Top of DATA IN THIS EXERCISE

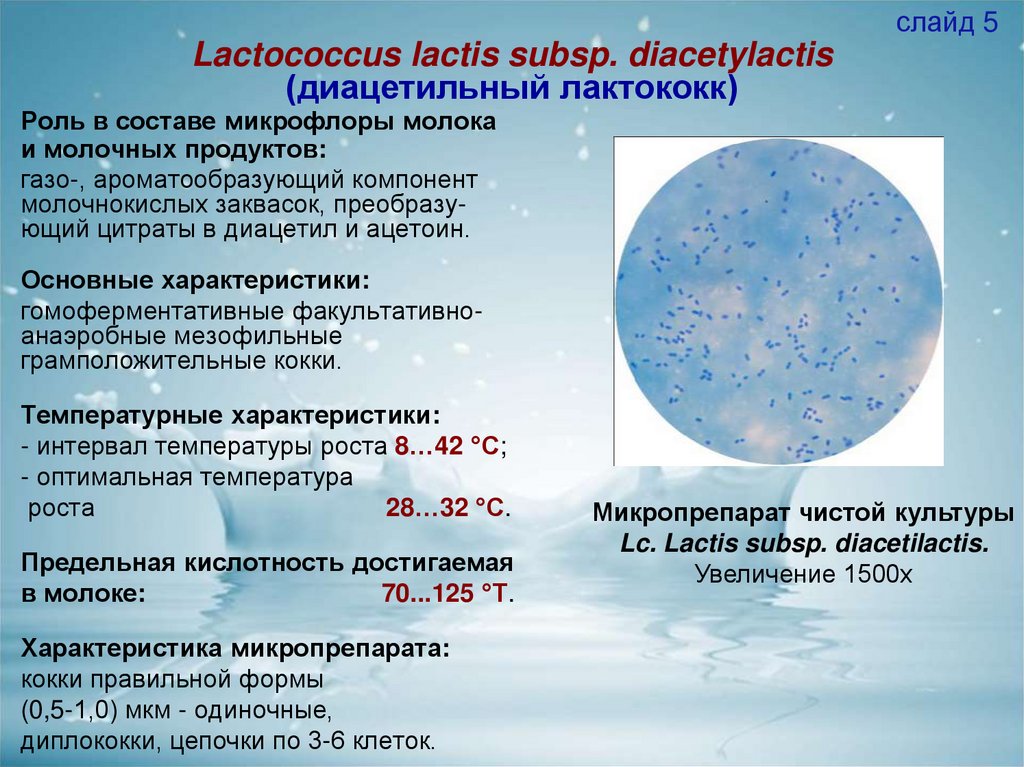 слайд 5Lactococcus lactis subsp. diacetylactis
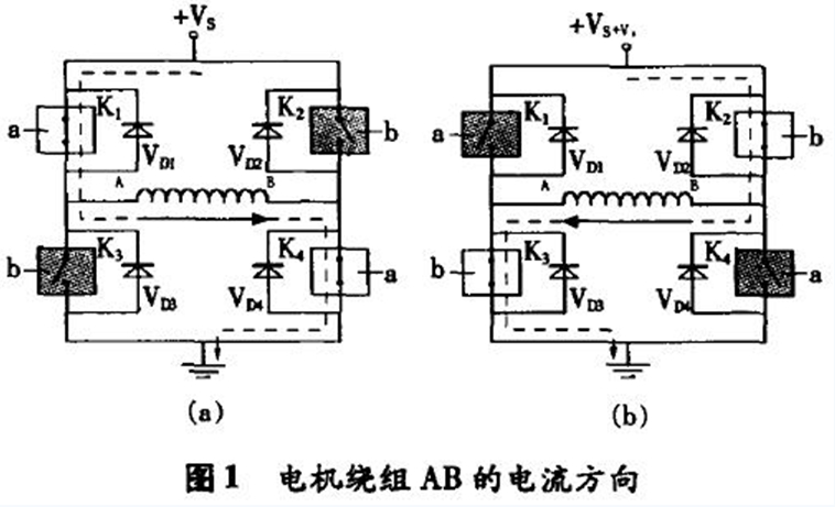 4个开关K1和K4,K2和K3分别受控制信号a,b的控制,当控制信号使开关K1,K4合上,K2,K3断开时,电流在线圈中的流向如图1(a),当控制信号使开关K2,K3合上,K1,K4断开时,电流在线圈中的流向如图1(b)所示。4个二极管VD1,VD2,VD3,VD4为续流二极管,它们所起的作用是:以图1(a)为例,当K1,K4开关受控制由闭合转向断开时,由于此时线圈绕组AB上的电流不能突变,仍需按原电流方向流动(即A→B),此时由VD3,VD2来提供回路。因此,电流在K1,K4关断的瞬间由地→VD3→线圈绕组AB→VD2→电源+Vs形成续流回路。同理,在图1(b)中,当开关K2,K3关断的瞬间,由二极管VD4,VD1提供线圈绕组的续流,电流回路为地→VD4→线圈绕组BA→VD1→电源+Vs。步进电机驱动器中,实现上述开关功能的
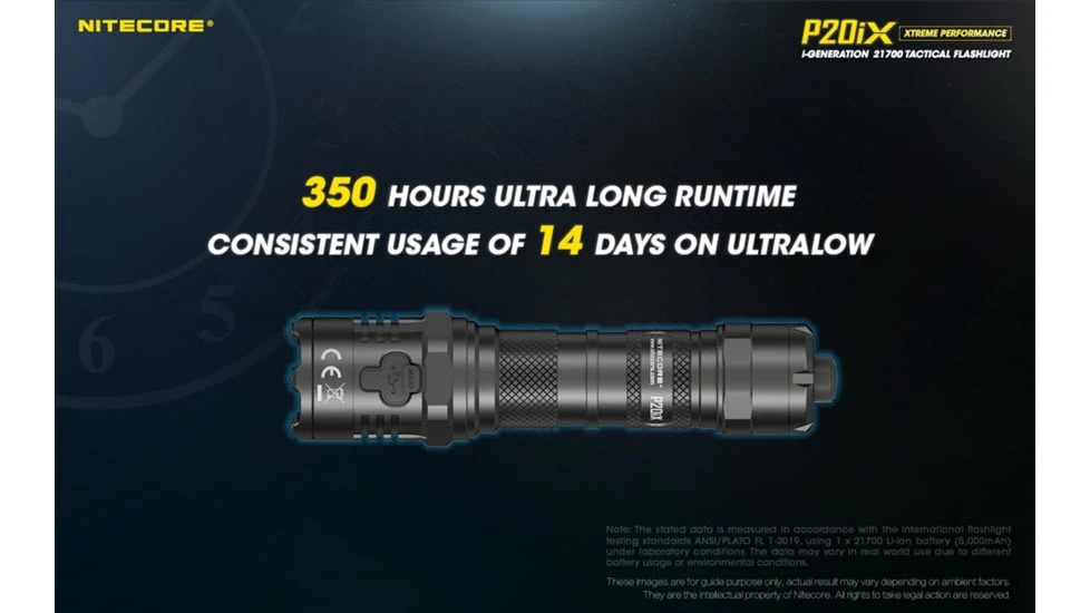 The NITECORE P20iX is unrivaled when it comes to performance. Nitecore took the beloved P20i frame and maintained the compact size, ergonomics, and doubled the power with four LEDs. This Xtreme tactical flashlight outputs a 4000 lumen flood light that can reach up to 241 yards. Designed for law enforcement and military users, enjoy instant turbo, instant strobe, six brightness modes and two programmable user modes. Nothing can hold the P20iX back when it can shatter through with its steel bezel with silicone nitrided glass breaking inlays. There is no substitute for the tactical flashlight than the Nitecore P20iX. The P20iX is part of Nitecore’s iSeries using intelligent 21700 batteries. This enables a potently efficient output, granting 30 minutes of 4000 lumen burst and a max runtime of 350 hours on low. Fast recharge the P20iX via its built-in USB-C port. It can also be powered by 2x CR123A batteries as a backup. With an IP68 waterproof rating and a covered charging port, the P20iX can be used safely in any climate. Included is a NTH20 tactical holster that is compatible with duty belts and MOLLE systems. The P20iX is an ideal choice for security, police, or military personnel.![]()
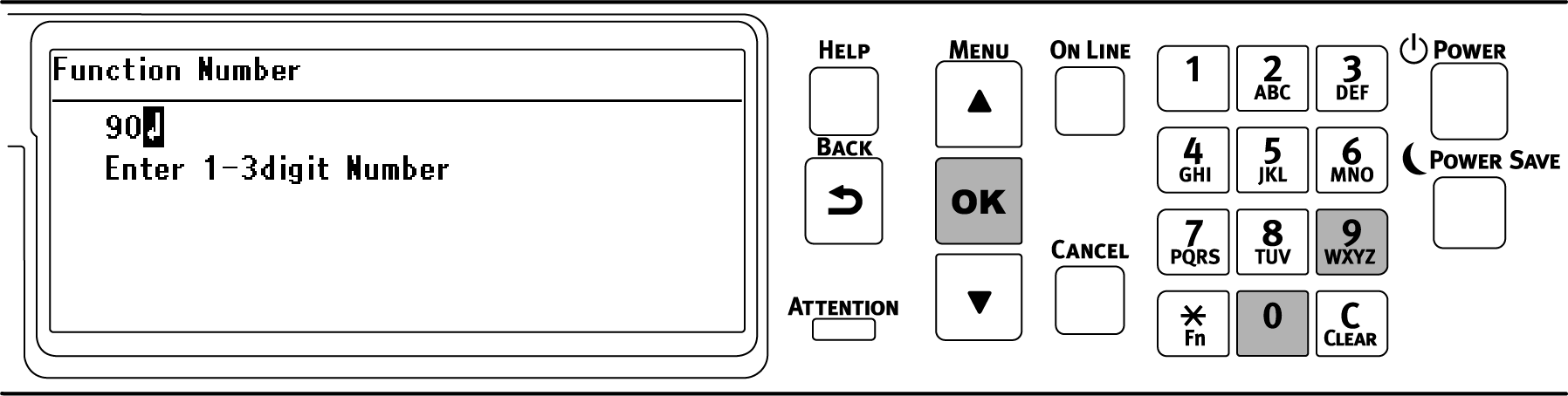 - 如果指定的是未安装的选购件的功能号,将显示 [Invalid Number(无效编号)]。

Bottom of DATA IN THIS EXERCISE
Top of DATA IN THIS EXERCISE

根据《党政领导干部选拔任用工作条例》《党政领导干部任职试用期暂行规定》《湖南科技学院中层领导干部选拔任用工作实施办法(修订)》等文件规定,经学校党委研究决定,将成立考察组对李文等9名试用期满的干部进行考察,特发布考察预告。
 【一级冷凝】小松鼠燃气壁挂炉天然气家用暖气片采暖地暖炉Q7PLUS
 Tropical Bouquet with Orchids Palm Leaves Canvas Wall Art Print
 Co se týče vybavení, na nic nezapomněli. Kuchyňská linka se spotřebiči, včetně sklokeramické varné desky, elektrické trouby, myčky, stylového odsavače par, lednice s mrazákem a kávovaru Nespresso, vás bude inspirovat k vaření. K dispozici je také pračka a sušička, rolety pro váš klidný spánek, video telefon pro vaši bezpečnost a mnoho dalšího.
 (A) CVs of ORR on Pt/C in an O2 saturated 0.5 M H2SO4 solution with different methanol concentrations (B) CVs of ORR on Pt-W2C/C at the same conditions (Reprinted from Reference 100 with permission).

Bottom of DATA IN THIS EXERCISE
Top of DATA IN THIS EXERCISE

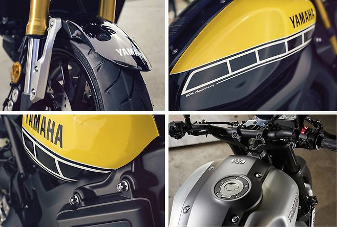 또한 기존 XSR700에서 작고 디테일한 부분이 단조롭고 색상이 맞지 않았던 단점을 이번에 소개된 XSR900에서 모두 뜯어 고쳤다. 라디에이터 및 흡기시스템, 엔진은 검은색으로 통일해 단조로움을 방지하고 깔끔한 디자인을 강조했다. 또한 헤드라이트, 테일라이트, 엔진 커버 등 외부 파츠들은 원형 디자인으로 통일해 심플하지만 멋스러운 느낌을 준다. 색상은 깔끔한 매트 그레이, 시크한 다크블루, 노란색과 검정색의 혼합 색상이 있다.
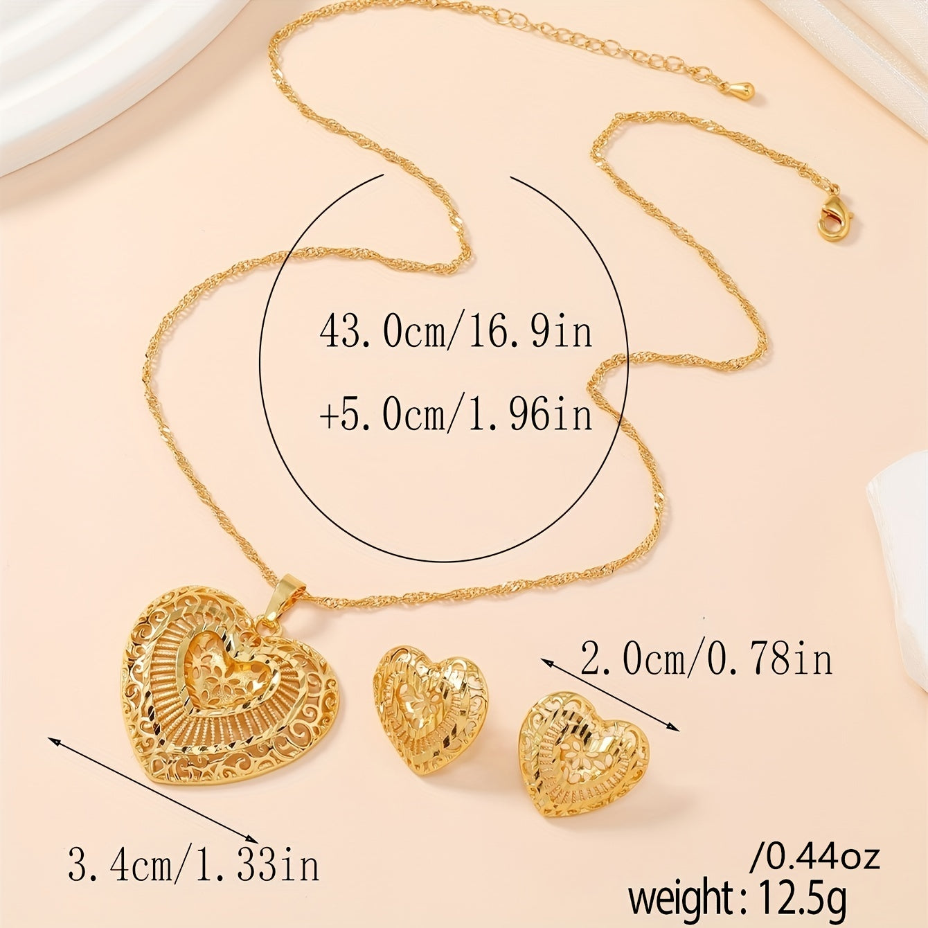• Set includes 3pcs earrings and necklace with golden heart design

Bottom of DATA IN THIS EXERCISE

▶ EXERCISE DIRECTIONS
Although the records above contain pictures, the copy must not; set down exactly the lines from the one with "слайд 5Lactococcus lactis" up to and including the one with "- 如果指定的是未安装的选购件的功能号,将显示 [Invalid".

▶ TASK OUTPUT
 слайд 5Lactococcus lactis subsp. diacetylactis
 4个开关K1和K4,K2和K3分别受控制信号a,b的控制,当控制信号使开关K1,K4合上,K2,K3断开时,电流在线圈中的流向如图1(a),当控制信号使开关K2,K3合上,K1,K4断开时,电流在线圈中的流向如图1(b)所示。4个二极管VD1,VD2,VD3,VD4为续流二极管,它们所起的作用是:以图1(a)为例,当K1,K4开关受控制由闭合转向断开时,由于此时线圈绕组AB上的电流不能突变,仍需按原电流方向流动(即A→B),此时由VD3,VD2来提供回路。因此,电流在K1,K4关断的瞬间由地→VD3→线圈绕组AB→VD2→电源+Vs形成续流回路。同理,在图1(b)中,当开关K2,K3关断的瞬间,由二极管VD4,VD1提供线圈绕组的续流,电流回路为地→VD4→线圈绕组BA→VD1→电源+Vs。步进电机驱动器中,实现上述开关功能的
 The NITECORE P20iX is unrivaled when it comes to performance. Nitecore took the beloved P20i frame and maintained the compact size, ergonomics, and doubled the power with four LEDs. This Xtreme tactical flashlight outputs a 4000 lumen flood light that can reach up to 241 yards. Designed for law enforcement and military users, enjoy instant turbo, instant strobe, six brightness modes and two programmable user modes. Nothing can hold the P20iX back when it can shatter through with its steel bezel with silicone nitrided glass breaking inlays. There is no substitute for the tactical flashlight than the Nitecore P20iX. The P20iX is part of Nitecore’s iSeries using intelligent 21700 batteries. This enables a potently efficient output, granting 30 minutes of 4000 lumen burst and a max runtime of 350 hours on low. Fast recharge the P20iX via its built-in USB-C port. It can also be powered by 2x CR123A batteries as a backup. With an IP68 waterproof rating and a covered charging port, the P20iX can be used safely in any climate. Included is a NTH20 tactical holster that is compatible with duty belts and MOLLE systems. The P20iX is an ideal choice for security, police, or military personnel.![]()
 - 如果指定的是未安装的选购件的功能号,将显示 [Invalid Number(无效编号)]。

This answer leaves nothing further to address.